Yelkenler biçilecek, yelkenler dikilecek;
Dağlardan çektiriler, kalyonlar çekilecek;
Kerpetenlerle surun dişleri sökülecek
Yürü, hala ne diye oyunda oynaştasın?
Fatih'in İstanbul'u fethettiği yaştasın!..
Sen de geçebilirsin yardan, anadan, serden....
Senin de destanını okuyalım ezberden...
Haberin yok gibidir taşıdığın değerden...
Elde sensin, dilde sen, gönüldesin baştasın...
Fatih'in İstanbul'u fethettiği yaştasın!..
Yüzüne çarpmak gerek zamanenin fendini...
Göster: Kabaran sular nasıl yıkar bendini?
Küçük görme, hor görme, delikanlım kendini
Şu kırık abideyi yükseltecek taştasın;
Fatih'in İstanbul'u fethettiği yaştasın!..
Bu kitaplar Fatih'tir, Selim'dir, Süleyman'dır.
Şu mihrap Sinanüddin, şu minare Sinan'dır.
Haydi artık uyuyan destanını uyandır!..
Bilmem, neden gündelik işlerle telaştasın
Kızım, sen de Fatihler doğuracak yaştasın!..
Delikanlım, işaret aldığın gün atandan
Yürüyeceksin... Millet yürüyecek arkandan!
Sana selam getirdim Ulubatlı Hasan'dan....
Sen ki burçlara bayrak olacak kumaştasın;
Fatih'in İstanbul'u fethettiği yaştasın!..

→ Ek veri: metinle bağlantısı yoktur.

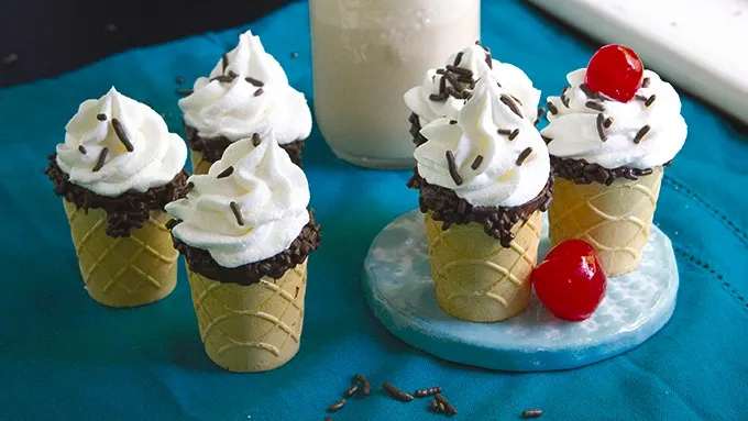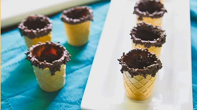 Step2Melt the chocolate chips and spoon equal amounts into the center of the cones, turning the cone as you go to completely coat the bottoms and insides. Turn the cones upside down and allow any extra chocolate to drizzle out. Dip the rim of each cone in the extra melted chocolate, then dip rims immediately in chocolate sprinkles. Set aside, right side up, and allow the chocolate to cool and harden (place in refrigerator to speed up this process).

Bırak, bozuk saatler yalan yanlış işlesin!
Çelebiler çekilip haremlerde kışlasın!
Yürü aslanım, fetih hazırlığı başlasın...
Yürü, hala ne diye kendinle savaştasın?
Fatih'in İstanbul'u fethettiği yaştasın!..
__________________________________________________ _____
Kuşatma hazırlıkları
Sultan II. Mehmed, İstanbul'un fethine karar verdiğinde o zamanki başkent Edirne'de, İstanbul'un aşılamaz olarak bilinen surlarını yerle bir edebilmek için o güne kadar görülmemiş büyüklükteki, şahi olarak bilinen topları döktürmüştü. II: Mehmed ayrıca, hazırlanmakta olan bu topların yanısıra, Bizans'a denizden gelebilecek yardımları engellemek için Yıldırım Bayezid tarafından inşa edilmiş olan Anadolu Hisarı'nın karşısına Rumeli Hisarı'nı (Boğazkesen Hisarı) yaptırdı.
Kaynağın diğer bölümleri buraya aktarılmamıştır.